Thursday, October 5, 2023

Reading the Forested Landscape film screening


We central New Englanders are quite accustomed to seeing stone fences all throughout our forests. But why? Who built the estimated 125,000 miles of stone fences we have here? When were they built? For what purpose? 

Have you ever noticed trees "standing on tiptoes" in the forest, and wondered how and why they grew like that? Have you seen trees growing on peculiar mounds of dirt in the woods? 










A walk in the forest benefits us in many ways, physically and spiritually. But it can be so much more enjoyable when we can interpret and understand more of what we see.

Why do some white pine trees have a straight, single trunk, while many others have multiple, forking trunks? 

Why is the ground in some forests relatively smooth, and in others it's pock-marked with many depressions and bumps?

Can we determine whether a forest was logged in the past? Whether it was burned? Can we tell if and when a hurricane affected it? Or a strong thunderstorm?
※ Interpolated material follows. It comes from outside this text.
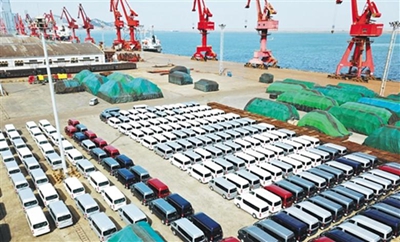 5 марта, в порту Ляньюньган в провинции Цзянсу пассажирские автомобили китайского производства ожидают загрузку. За январь и февраль 2018 года грузооборот Ляньюньгана составил 39,33 млн тонн и увеличился на 4% в годовом исчислении.

What might tell you if a woodland was once a pasture, or other agricultural field?

These questions and many, many more will be answered in the "Reading the Forested Landscape" film to be presented in Newtown, CT.

Noted ecologist and author Tom Wessels is featured in the film, which parallels his book of the same title. Tom is the go-to expert on interpreting why our New England forests look like they do today. Those who participate in one of Tom's forest walks are invariably impressed with his skills, and excitedly look forward to their next opportunity to apply what they've learned. If you love forests, you'll appreciate Tom's knowledge, and his ability to pass it along.

Preceding the main feature, we will show a short film entitled "My Forest Has Worms", which describes the highly destructive nature of what most of us have always believed were beneficial creatures... earthworms! In northern states, where glaciers once covered the land, there are no native earthworms that survived the glaciers. A sad surprise: those big, fat nightcrawlers we see in our lawns and gardens are non-native, invasive species that are destroying New England's forests!

Following the films, we will host a Q&A session.

The evening's program, sponsored by the Newtown Earth Day organization, will be held at the Edmond Town Hall in Newtown, CT, at 7pm on Thursday evening, October 19, 2023. Come early... light refreshments will be available, and the event is free and open to the public. Hope to see you there!